Il fallut qu'il fasse quelque chose pour la tuer.
0………Look for flowers………………
Après tout, ce n'était que massage.
Il lui pinça les épaules, lui fourra les jambes, dut même l'aider à lui presser les pieds. C'était ce qu'il appelait « réflexologie plantaire ».
Ça met mal à l'aise d'y repenser.
À la fin, elle fut occupée jusqu'à minuit, et après s'être assurée qu'elle n'était plus en colère, elle se coucha et s'endormit.
« Bah, c'est ridicule. Je ne sais pas où tu as appris ces trucs. »
Leng Wuyan rougit et grogna : « Quel cirque, tu ne l'écoutes pas sérieusement, tu ne fréquentes pas souvent les lieux de débauche, toi ? »
Sinon comment pourrais-tu les imiter si bien, avec un nom pour chaque geste ?
« C'est faux.
Li Ran secoua la tête et dit : « Le disciple est complètement autodidacte, il n'a été enseigné que par Maîtresse. »
« Tché, qui s'en soucie ? »
Leng Wuyan détourna la tête et renifla, mais le coin de sa bouche relevait légèrement.
« Maîtresse ne s'en soucie pas ? » demanda Li Ran en retour.
« Bo... bof. »
Leng Wuyan restait raide.
Li Ran sourit et n'ajouta rien.
Il connaissait trop bien le caractère de la maîtresse, le décrire par « langue de fer, cœur de guimauve, duplicité » n'était pas exagéré.
« Le disciple n'a qu'une maîtresse rare. »
Li Ran tendit la main pour l'enlacer, huma le parfum rafraîchissant, et sentit la paix.

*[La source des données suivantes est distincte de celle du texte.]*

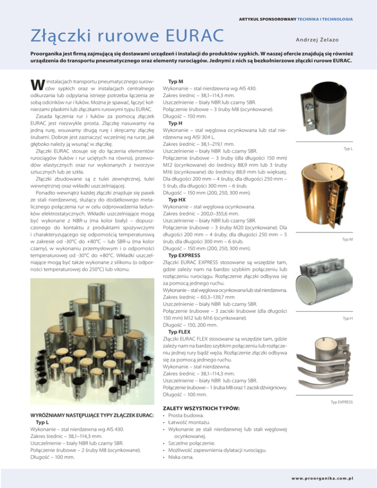 ARTYKUŁ SPONSOROWANY TECHNIKA I TECHNOLOGIA Złączki rurowe EURAC Andr zej Żelazo Proorganika jest firmą zajmującą się dostawami urządzeń i instalacji do produktów sypkich. W naszej ofercie znajdują się również urządzenia do transportu pneumatycznego oraz elementy rurociągów. Jednymi z nich są bezkołnierzowe złączki rurowe EURAC. W instalacjach transportu pneumatycznego surowców sypkich oraz w instalacjach centralnego odkurzania lub odpylania istnieje potrzeba łączenia ze sobą odcinków rur i łuków. Można je spawać, łączyć kołnierzami płaskimi lub złączkami rurowymi typu EURAC. Zasada łączenia rur i łuków za pomocą złączek EURAC jest niezwykle prosta. Złączkę nasuwamy na jedną rurę, wsuwamy drugą rurę i skręcamy złączkę śrubami. Dobrze jest zaznaczyć wcześniej na rurze, jak głęboko należy ją wsunąć w złączkę. Złączki EURAC stosuje się do łączenia elementów rurociągów (łuków i rur uciętych na równo), przewodów elastycznych oraz rur wykonanych z tworzyw sztucznych lub ze szkła. Złączki zbudowane są z tulei zewnętrznej, tulei wewnętrznej oraz wkładki uszczelniającej. Ponadto wewnątrz każdej złączki znajduje się pasek ze stali nierdzewnej, służący do dodatkowego metalicznego połączenia rur w celu odprowadzenia ładunków elektrostatycznych. Wkładki uszczelniające mogą być wykonane z NBR-u (ma kolor biały) – dopuszczonego do kontaktu z produktami spożywczymi i charakteryzującego się odpornością temperaturową w zakresie od -30°C do +80°C – lub SBR-u (ma kolor czarny), w wykonaniu przemysłowym i o odporności temperaturowej od -30°C do +80°C. Wkładki uszczelniające mogą być także wykonane z silikonu (o odporności temperaturowej do 250°C) lub vitonu. Typ M Wykonanie – stal nierdzewna wg AIS 430. Zakres średnic – 38,1–114,3 mm. Uszczelnienie – biały NBR lub czarny SBR. Połączenie śrubowe – 3 śruby M8 (ocynkowane). Długość – 150 mm. Typ H Wykonanie – stal węglowa ocynkowana lub stal nierdzewna wg AISI 304 L. Zakres średnic – 38,1–219,1 mm. Uszczelnienie – biały NBR lub czarny SBR. Połączenie śrubowe – 3 śruby (dla długości 150 mm) M12 (ocynkowane) do średnicy 88,9 mm lub 3 śruby M16 (ocynkowane) do średnicy 88,9 mm lub większej. Dla długości 200 mm – 4 śruby, dla długości 250 mm – 5 śrub, dla długości 300 mm – 6 śrub. Długość – 150 mm (200, 250, 300 mm). Typ HX Wykonanie – stal węglowa ocynkowana. Zakres średnic – 200,0–355,6 mm. Uszczelnienie – biały NBR lub czarny SBR. Połączenie śrubowe – 3 śruby M20 (ocynkowane). Dla długości 200 mm – 4 śruby, dla długości 250 mm – 5 śrub, dla długości 300 mm – 6 śrub. Długość – 150 mm (200, 250, 300 mm). Typ EXPRESS Złączki EURAC EXPRESS stosowane są wszędzie tam, gdzie zależy nam na bardzo szybkim połączeniu lub rozłączeniu rurociągu. Rozłączenie złączki odbywa się za pomocą jednego ruchu. Wykonanie – stal węglowa ocynkowana lub stal nierdzewna. Zakres średnic – 60,3–139,7 mm Uszczelnienie – biały NBR lub czarny SBR. Połączenie śrubowe – 3 zaciski śrubowe (dla długości 150 mm) M12 lub M16 (ocynkowane). Długość – 150, 200 mm. Typ FLEX Złączki EURAC FLEX stosowane są wszędzie tam, gdzie zależy nam na bardzo szybkim połączeniu lub rozłączeniu jednej rury bądź węża. Rozłączenie złączki odbywa się za pomocą jednego ruchu. Wykonanie – stal nierdzewna. Zakres średnic – 38,1–114,3 mm. Uszczelnienie – biały NBR lub czarny SBR. Połączenie śrubowe – 1 śruba M8 oraz 1 zacisk dźwigniowy. Długość – 100 mm. Typ L Typ M Typ H Typ EXPRESS WYRÓŻNIAMY NASTĘPUJĄCE TYPY ZŁĄCZEK EURAC: Typ L Wykonanie – stal nierdzewna wg AIS 430. Zakres średnic – 38,1–114,3 mm. Uszczelnienie – biały NBR lub czarny SBR. Połączenie śrubowe – 2 śruby M8 (ocynkowane). Długość – 100 mm. ZALETY WSZYSTKICH TYPÓW: • Prosta budowa. • Łatwość montażu. • Wykonanie ze stali nierdzewnej lub stali węglowej ocynkowanej. • Szczelne połączenie. • Możliwość zapewnienia dylatacji rurociągu. • Niska cena. P&B nr nr 3 maj-czerwiec 2011 51 w w w. p r o o r g a n i k a . c o m . p l

Leng Wuyan était une existence extrêmement spéciale pour lui, et irremplaçable par quiconque.
Tant qu'elle était à ses côtés, son cœur était très stable.
Les joues de Leng Wuyan étaient rosées, et elle murmura tout bas : « Toi, rebelle, depuis quand as-tu appris à faire le bébé ? »
Tout en disant cela, elle tendit la main et lui ébouriffa les cheveux, ses yeux pleins de joie et de tendresse.
Après s'être entendus la veille, beaucoup de choses avaient déjà été dites, et l'intimité entre eux était revenue au passé.
Maintenant, elle ne pouvait plus se fâcher même si elle le voulait.
« Vraiment, je ne peux rien faire avec toi, je finirai par être mise en colère par toi plus tôt que tard. » dit Leng Wuyan avec colère.
Li Ran grimaça : « C'est déjà trop tard pour que le disciple fasse du mal à Maîtresse, pourquoi voudrait-elle encore la mettre en colère ? »
« Hum, ça sonne bien. »
Leng Wuyan renifla : « Si tu le penses vraiment, tu ne serais pas enlacé avec Yi Qinglan et Chu Lingchuan ! Ou alors tu peux rompre avec elles, comme ça je te croirai. »
« Eh bien, ça... »
Li Ran se gratta la tête, gêné. Cuiller.